The oscillations between photons and ALPs travelling in the magnetic fields have been used to constrain ALP properties .
In this work , we obtain some new constraints on the ALP mass m _ { a } and the photon-ALP coupling constant g with two different magnetic field models through TeV photons from PKS 2155-304 .
One is the discrete- \varphi model that the magnetic field has the orientation angle \varphi changes discretely and randomly from one coherent domain to the next , another is the linearly-continuous- \varphi model that the magnetic field orientation angle \varphi varies continuously across neighboring coherent domains .
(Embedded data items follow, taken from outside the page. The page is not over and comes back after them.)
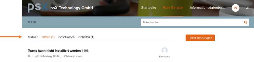 neues Ticket zu eröffnen. Wollt ihr später den Status Eures Tickets
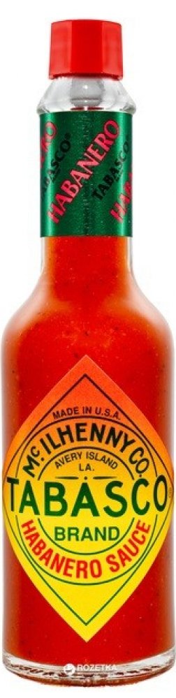 - Tabasco Red (destilovaný ocet, červené chilli, sůl)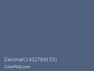 Decimal 1432769153 Color is a normal blue color and the nearest color is Paynes Grey #536878. Hex code #516281 and RGB value is rgb(81,98,129). In RGB color space, this color is composed of 32% red, 38% green, 51% blue, In CMYK color space, this color is composed of 37% cyan, 24% magenta, 0% yellow , 49% black , In HSL color space, this color has a hue angle of 219° , 23% saturation and 41% lightness.

For the discrete- \varphi model , we can obtain the best constraints on the ALP mass m _ { 1 } = m _ { a } / ( 1 { neV } ) = 0.1 and on the photon-ALP coupling constant g _ { 11 } = g / ( 10 ^ { -11 } { GeV ^ { -1 } } ) = 5 , the reasonable range of the ALP mass m _ { 1 } is 0.08 \thicksim 0.2 when g _ { 11 } =5 , and the only reasonable value of the photon-ALP coupling constant is g _ { 11 } =5 when m _ { 1 } =0.1 .
For the linearly-continuous- \varphi model , we can obtain the best constraints on the ALP mass m _ { 1 } = 0.1 and on the photon-ALP coupling constant g _ { 11 } = 0.7 , the reasonable range of the ALP mass m _ { 1 } is 0.05 \thicksim 0.4 when g _ { 11 } =0.7 , and the reasonable range of the photon-ALP coupling constant g _ { 11 } is 0.5 \thicksim 1 when m _ { 1 } =0.1 .
All the results are consistent with the upper bound ( g < 6.6 \times 10 ^ { -11 } { GeV ^ { -1 } } , i.e . g _ { 11 } < 6.6 ) set by the CAST experiment .